For more information, see Create a workspace using the Account API.

Contact your Databricks account team to request access to this public preview.

Deploy Databricks workspaces in your own VPC (Public Preview)

June 1, 2020

By default, clusters are created in a single AWS VPC (Virtual Private Cloud) that Databricks creates and configures in your AWS account. Now you have the option to create your Databricks workspaces in your own VPC, a feature known as customer-managed VPC, which can allow you to exercise more control over the infrastructure and help you comply with specific cloud security and governance standards your organization may require. You simply provide your VPC ID, security group ID and subnet IDs when you create your workspace using the Multi-workspace API (Account API).

For more information, see Configure a customer-managed VPC.

This feature is available only on E2 version of the Databricks platform, not on the existing enterprise platform.

Secure cluster connectivity with no open ports on your VPCs and no public IP addresses on Databricks workers (Public Preview)

June 1, 2020

With the release of the E2 version of the Databricks platform, Databricks is providing a new network architecture for connectivity between the Databricks control plane (delivered as SaaS) and the compute plane (your own AWS VPC). With this new architecture, you no longer have to open inbound ports on cluster VMs: cluster VMs launched in your customer-managed-VPC now initiate an outbound TLS 1.2 connection to the Databricks control plane. Not only is this architecture compliant with common InfoSec requirements, but it eliminates the need for VPC peering and gives you more flexibility in how you connect your environment to the Databricks control plane.

For more information, see What is secure cluster connectivity?.

Contact your Databricks account team to request access to this public preview.

Restrict access to Databricks using IP access lists (Public Preview)

June 1, 2020

Databricks workspaces can now be configured so that users connect to the service only through existing corporate networks with a secure perimeter. Databricks admins can use the IP Access List API to define a set of approved IP addresses, including allow and block lists. All incoming access to the web application and REST APIs requires that the user connect from an authorized IP address, guaranteeing that workspaces cannot be accessed from a public network like a coffee shop or an airport unless your users use VPN.
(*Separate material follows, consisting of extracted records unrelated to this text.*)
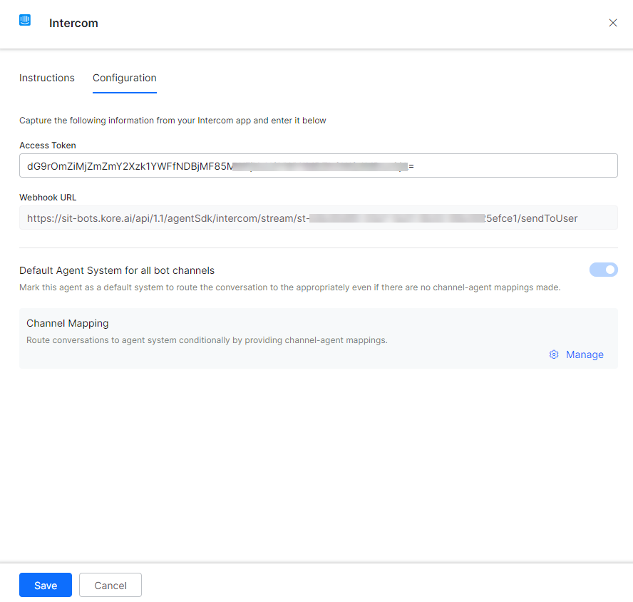 Once you click Manage, you can map the channels which you want to use Intercom agent to handover the conversations. To learn more about channel enablement, read the Adding channels to your app article.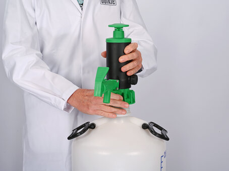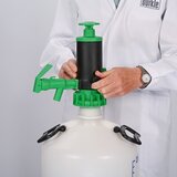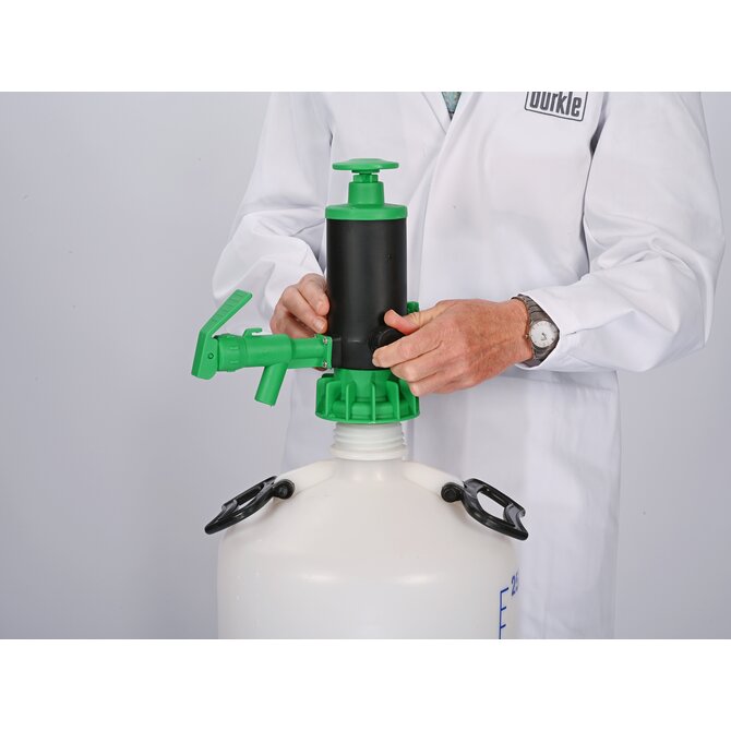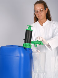 The PumpMaster in green for filling and dosing acids and chemical liquids is equipped with high-quality FKM seals. Ideal for the safe handling of light acids and other chemicals.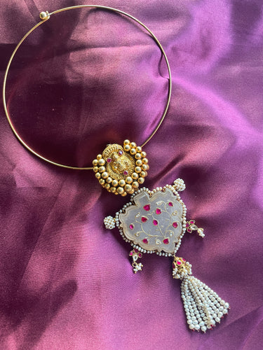One of a kind, statement pearl choker necklace with kundan work pendant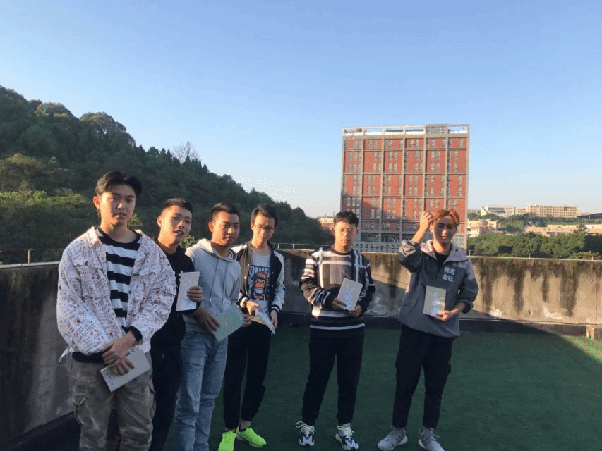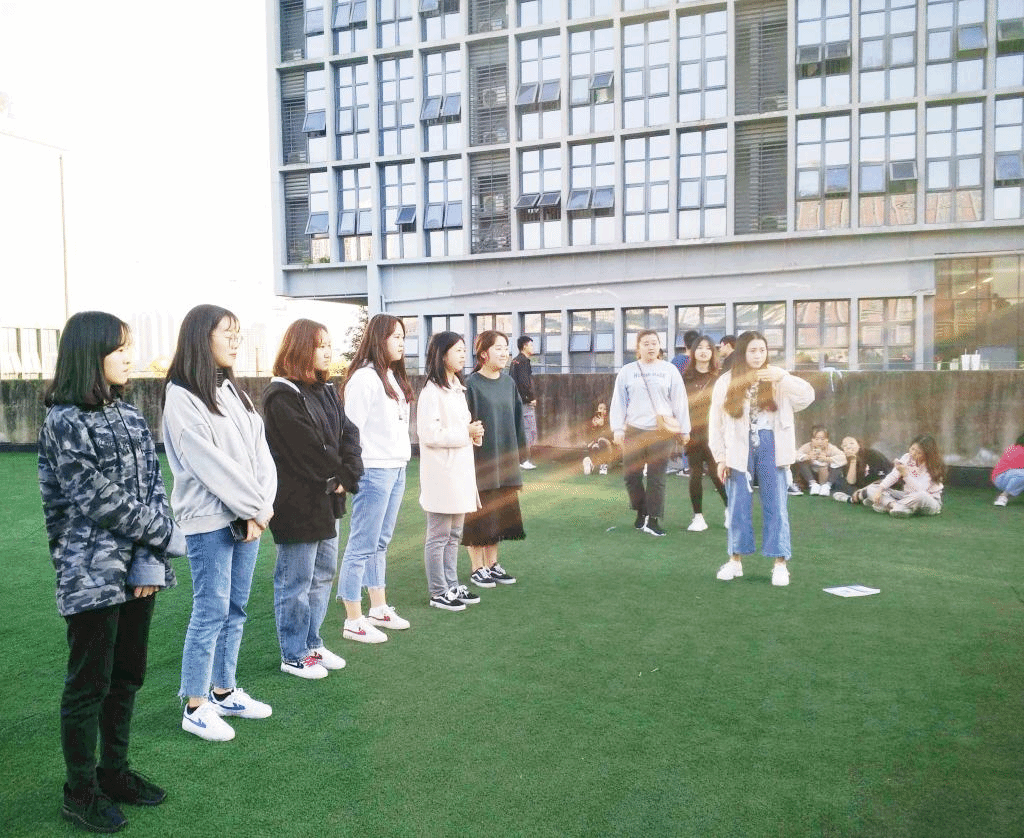 下午五、六节课下课后,同学们陆续在下里巴人的天台上汇合,然后由主持人程雪磊宣布游戏内容和注意规则后团建活动开始。第一个游戏“传递字母”两个班分别出3组进行,每组5个人,在游戏中只能用身体来表达字母传与下一个同学,其中用时最少的一组获胜。

This feature is not available on all Databricks subscriptions. Contact your Databricks account team with any questions about access for your account.

For more information, see Configure IP access lists for workspaces.

Encrypt locally attached disks (Public Preview)

June 1, 2020

Some instance types you use to run clusters may have locally attached disks. Databricks may store shuffle data or ephemeral data on these locally attached disks. To ensure that all data at rest is encrypted for all storage types, including shuffle data that is stored temporarily on your cluster’s local disks, you can now enable local disk encryption using the Clusters API. See Local disk encryption.